**INPUT MATERIAL:**
------------------------------------

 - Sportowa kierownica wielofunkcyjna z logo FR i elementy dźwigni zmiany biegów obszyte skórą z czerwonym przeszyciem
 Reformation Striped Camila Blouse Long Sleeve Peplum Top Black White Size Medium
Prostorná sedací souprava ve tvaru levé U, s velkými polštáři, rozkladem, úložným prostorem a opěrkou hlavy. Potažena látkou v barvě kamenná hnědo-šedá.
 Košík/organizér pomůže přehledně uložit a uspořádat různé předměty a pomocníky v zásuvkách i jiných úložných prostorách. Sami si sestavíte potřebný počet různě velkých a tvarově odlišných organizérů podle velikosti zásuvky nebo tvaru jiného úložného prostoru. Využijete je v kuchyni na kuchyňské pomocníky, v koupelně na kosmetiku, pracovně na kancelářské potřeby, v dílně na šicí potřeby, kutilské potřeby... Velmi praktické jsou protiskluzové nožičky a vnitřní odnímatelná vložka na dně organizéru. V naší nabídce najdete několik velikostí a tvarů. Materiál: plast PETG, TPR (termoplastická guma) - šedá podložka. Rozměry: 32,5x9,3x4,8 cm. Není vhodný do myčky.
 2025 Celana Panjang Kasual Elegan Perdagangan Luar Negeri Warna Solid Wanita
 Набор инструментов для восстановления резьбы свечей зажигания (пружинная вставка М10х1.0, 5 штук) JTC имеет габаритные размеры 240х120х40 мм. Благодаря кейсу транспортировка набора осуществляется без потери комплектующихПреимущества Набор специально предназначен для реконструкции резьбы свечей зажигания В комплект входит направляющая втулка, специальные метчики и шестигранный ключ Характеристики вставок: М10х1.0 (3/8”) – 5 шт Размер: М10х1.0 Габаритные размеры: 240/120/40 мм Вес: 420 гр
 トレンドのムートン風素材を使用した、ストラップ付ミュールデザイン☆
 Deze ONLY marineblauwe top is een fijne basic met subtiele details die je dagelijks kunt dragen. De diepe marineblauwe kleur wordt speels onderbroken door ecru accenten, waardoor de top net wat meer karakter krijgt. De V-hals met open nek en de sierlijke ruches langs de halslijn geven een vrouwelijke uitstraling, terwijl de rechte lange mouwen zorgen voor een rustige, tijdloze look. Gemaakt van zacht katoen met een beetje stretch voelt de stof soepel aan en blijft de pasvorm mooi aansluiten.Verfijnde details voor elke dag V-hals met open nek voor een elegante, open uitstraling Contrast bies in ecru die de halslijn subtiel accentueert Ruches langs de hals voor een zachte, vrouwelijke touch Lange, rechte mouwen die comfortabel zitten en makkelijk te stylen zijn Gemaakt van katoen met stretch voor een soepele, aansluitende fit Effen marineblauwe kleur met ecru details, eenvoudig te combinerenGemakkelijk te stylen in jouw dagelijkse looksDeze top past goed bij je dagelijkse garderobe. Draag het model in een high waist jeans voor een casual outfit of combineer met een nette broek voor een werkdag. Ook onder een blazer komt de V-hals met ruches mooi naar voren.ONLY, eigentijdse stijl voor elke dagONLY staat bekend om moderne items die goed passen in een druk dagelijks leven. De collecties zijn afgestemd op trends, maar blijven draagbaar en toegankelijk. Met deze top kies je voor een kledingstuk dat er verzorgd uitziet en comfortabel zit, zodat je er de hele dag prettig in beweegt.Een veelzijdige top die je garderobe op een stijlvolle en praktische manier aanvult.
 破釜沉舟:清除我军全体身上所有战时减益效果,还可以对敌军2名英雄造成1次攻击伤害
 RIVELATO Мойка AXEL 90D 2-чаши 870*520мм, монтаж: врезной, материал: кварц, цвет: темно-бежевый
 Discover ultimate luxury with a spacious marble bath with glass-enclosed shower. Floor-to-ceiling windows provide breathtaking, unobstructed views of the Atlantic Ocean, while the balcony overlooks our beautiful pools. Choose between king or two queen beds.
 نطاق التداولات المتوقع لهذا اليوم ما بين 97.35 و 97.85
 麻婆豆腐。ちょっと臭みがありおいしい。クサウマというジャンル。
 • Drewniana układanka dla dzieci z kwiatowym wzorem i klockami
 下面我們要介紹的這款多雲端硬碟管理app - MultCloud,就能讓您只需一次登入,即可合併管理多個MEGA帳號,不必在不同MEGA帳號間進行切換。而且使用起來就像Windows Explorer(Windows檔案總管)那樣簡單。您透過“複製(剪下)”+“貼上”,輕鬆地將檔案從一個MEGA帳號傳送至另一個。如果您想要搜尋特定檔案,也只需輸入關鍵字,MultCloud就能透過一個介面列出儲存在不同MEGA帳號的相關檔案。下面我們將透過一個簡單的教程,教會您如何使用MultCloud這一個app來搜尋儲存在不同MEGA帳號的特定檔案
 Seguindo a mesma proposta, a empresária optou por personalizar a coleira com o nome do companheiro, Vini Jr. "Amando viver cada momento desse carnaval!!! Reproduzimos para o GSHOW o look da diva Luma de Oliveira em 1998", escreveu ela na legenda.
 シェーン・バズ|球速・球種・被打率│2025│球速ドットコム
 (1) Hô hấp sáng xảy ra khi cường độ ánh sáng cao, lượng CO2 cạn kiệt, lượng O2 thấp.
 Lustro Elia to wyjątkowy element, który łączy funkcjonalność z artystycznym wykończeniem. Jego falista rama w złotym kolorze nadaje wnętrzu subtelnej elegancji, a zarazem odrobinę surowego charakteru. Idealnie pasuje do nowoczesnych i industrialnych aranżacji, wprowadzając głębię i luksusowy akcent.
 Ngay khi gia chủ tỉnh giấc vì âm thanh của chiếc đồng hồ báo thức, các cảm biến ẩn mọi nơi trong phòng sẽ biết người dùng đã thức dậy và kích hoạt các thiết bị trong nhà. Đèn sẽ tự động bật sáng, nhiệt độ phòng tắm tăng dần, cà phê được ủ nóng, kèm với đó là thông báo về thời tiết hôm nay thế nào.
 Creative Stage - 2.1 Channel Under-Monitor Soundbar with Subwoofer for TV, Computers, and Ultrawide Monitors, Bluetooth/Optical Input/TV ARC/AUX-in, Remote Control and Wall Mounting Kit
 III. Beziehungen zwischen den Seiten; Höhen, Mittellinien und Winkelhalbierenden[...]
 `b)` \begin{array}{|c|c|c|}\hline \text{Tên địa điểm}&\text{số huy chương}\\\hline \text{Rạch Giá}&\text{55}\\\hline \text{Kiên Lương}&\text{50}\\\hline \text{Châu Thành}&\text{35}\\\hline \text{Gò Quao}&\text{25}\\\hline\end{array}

------------------------------------

**BRIEF:** Everything in the listing must be written out again without any change.

**OUTPUT FOR THIS EXERCISE:**
 - Sportowa kierownica wielofunkcyjna z logo FR i elementy dźwigni zmiany biegów obszyte skórą z czerwonym przeszyciem
 Reformation Striped Camila Blouse Long Sleeve Peplum Top Black White Size Medium
Prostorná sedací souprava ve tvaru levé U, s velkými polštáři, rozkladem, úložným prostorem a opěrkou hlavy. Potažena látkou v barvě kamenná hnědo-šedá.
 Košík/organizér pomůže přehledně uložit a uspořádat různé předměty a pomocníky v zásuvkách i jiných úložných prostorách. Sami si sestavíte potřebný počet různě velkých a tvarově odlišných organizérů podle velikosti zásuvky nebo tvaru jiného úložného prostoru. Využijete je v kuchyni na kuchyňské pomocníky, v koupelně na kosmetiku, pracovně na kancelářské potřeby, v dílně na šicí potřeby, kutilské potřeby... Velmi praktické jsou protiskluzové nožičky a vnitřní odnímatelná vložka na dně organizéru. V naší nabídce najdete několik velikostí a tvarů. Materiál: plast PETG, TPR (termoplastická guma) - šedá podložka. Rozměry: 32,5x9,3x4,8 cm. Není vhodný do myčky.
 2025 Celana Panjang Kasual Elegan Perdagangan Luar Negeri Warna Solid Wanita
 Набор инструментов для восстановления резьбы свечей зажигания (пружинная вставка М10х1.0, 5 штук) JTC имеет габаритные размеры 240х120х40 мм. Благодаря кейсу транспортировка набора осуществляется без потери комплектующихПреимущества Набор специально предназначен для реконструкции резьбы свечей зажигания В комплект входит направляющая втулка, специальные метчики и шестигранный ключ Характеристики вставок: М10х1.0 (3/8”) – 5 шт Размер: М10х1.0 Габаритные размеры: 240/120/40 мм Вес: 420 гр
 トレンドのムートン風素材を使用した、ストラップ付ミュールデザイン☆
 Deze ONLY marineblauwe top is een fijne basic met subtiele details die je dagelijks kunt dragen. De diepe marineblauwe kleur wordt speels onderbroken door ecru accenten, waardoor de top net wat meer karakter krijgt. De V-hals met open nek en de sierlijke ruches langs de halslijn geven een vrouwelijke uitstraling, terwijl de rechte lange mouwen zorgen voor een rustige, tijdloze look. Gemaakt van zacht katoen met een beetje stretch voelt de stof soepel aan en blijft de pasvorm mooi aansluiten.Verfijnde details voor elke dag V-hals met open nek voor een elegante, open uitstraling Contrast bies in ecru die de halslijn subtiel accentueert Ruches langs de hals voor een zachte, vrouwelijke touch Lange, rechte mouwen die comfortabel zitten en makkelijk te stylen zijn Gemaakt van katoen met stretch voor een soepele, aansluitende fit Effen marineblauwe kleur met ecru details, eenvoudig te combinerenGemakkelijk te stylen in jouw dagelijkse looksDeze top past goed bij je dagelijkse garderobe. Draag het model in een high waist jeans voor een casual outfit of combineer met een nette broek voor een werkdag. Ook onder een blazer komt de V-hals met ruches mooi naar voren.ONLY, eigentijdse stijl voor elke dagONLY staat bekend om moderne items die goed passen in een druk dagelijks leven. De collecties zijn afgestemd op trends, maar blijven draagbaar en toegankelijk. Met deze top kies je voor een kledingstuk dat er verzorgd uitziet en comfortabel zit, zodat je er de hele dag prettig in beweegt.Een veelzijdige top die je garderobe op een stijlvolle en praktische manier aanvult.
 破釜沉舟:清除我军全体身上所有战时减益效果,还可以对敌军2名英雄造成1次攻击伤害
 RIVELATO Мойка AXEL 90D 2-чаши 870*520мм, монтаж: врезной, материал: кварц, цвет: темно-бежевый
 Discover ultimate luxury with a spacious marble bath with glass-enclosed shower. Floor-to-ceiling windows provide breathtaking, unobstructed views of the Atlantic Ocean, while the balcony overlooks our beautiful pools. Choose between king or two queen beds.
 نطاق التداولات المتوقع لهذا اليوم ما بين 97.35 و 97.85
 麻婆豆腐。ちょっと臭みがありおいしい。クサウマというジャンル。
 • Drewniana układanka dla dzieci z kwiatowym wzorem i klockami
 下面我們要介紹的這款多雲端硬碟管理app - MultCloud,就能讓您只需一次登入,即可合併管理多個MEGA帳號,不必在不同MEGA帳號間進行切換。而且使用起來就像Windows Explorer(Windows檔案總管)那樣簡單。您透過“複製(剪下)”+“貼上”,輕鬆地將檔案從一個MEGA帳號傳送至另一個。如果您想要搜尋特定檔案,也只需輸入關鍵字,MultCloud就能透過一個介面列出儲存在不同MEGA帳號的相關檔案。下面我們將透過一個簡單的教程,教會您如何使用MultCloud這一個app來搜尋儲存在不同MEGA帳號的特定檔案
 Seguindo a mesma proposta, a empresária optou por personalizar a coleira com o nome do companheiro, Vini Jr. "Amando viver cada momento desse carnaval!!! Reproduzimos para o GSHOW o look da diva Luma de Oliveira em 1998", escreveu ela na legenda.
 シェーン・バズ|球速・球種・被打率│2025│球速ドットコム
 (1) Hô hấp sáng xảy ra khi cường độ ánh sáng cao, lượng CO2 cạn kiệt, lượng O2 thấp.
 Lustro Elia to wyjątkowy element, który łączy funkcjonalność z artystycznym wykończeniem. Jego falista rama w złotym kolorze nadaje wnętrzu subtelnej elegancji, a zarazem odrobinę surowego charakteru. Idealnie pasuje do nowoczesnych i industrialnych aranżacji, wprowadzając głębię i luksusowy akcent.
 Ngay khi gia chủ tỉnh giấc vì âm thanh của chiếc đồng hồ báo thức, các cảm biến ẩn mọi nơi trong phòng sẽ biết người dùng đã thức dậy và kích hoạt các thiết bị trong nhà. Đèn sẽ tự động bật sáng, nhiệt độ phòng tắm tăng dần, cà phê được ủ nóng, kèm với đó là thông báo về thời tiết hôm nay thế nào.
 Creative Stage - 2.1 Channel Under-Monitor Soundbar with Subwoofer for TV, Computers, and Ultrawide Monitors, Bluetooth/Optical Input/TV ARC/AUX-in, Remote Control and Wall Mounting Kit
 III. Beziehungen zwischen den Seiten; Höhen, Mittellinien und Winkelhalbierenden[...]
 `b)` \begin{array}{|c|c|c|}\hline \text{Tên địa điểm}&\text{số huy chương}\\\hline \text{Rạch Giá}&\text{55}\\\hline \text{Kiên Lương}&\text{50}\\\hline \text{Châu Thành}&\text{35}\\\hline \text{Gò Quao}&\text{25}\\\hline\end{array}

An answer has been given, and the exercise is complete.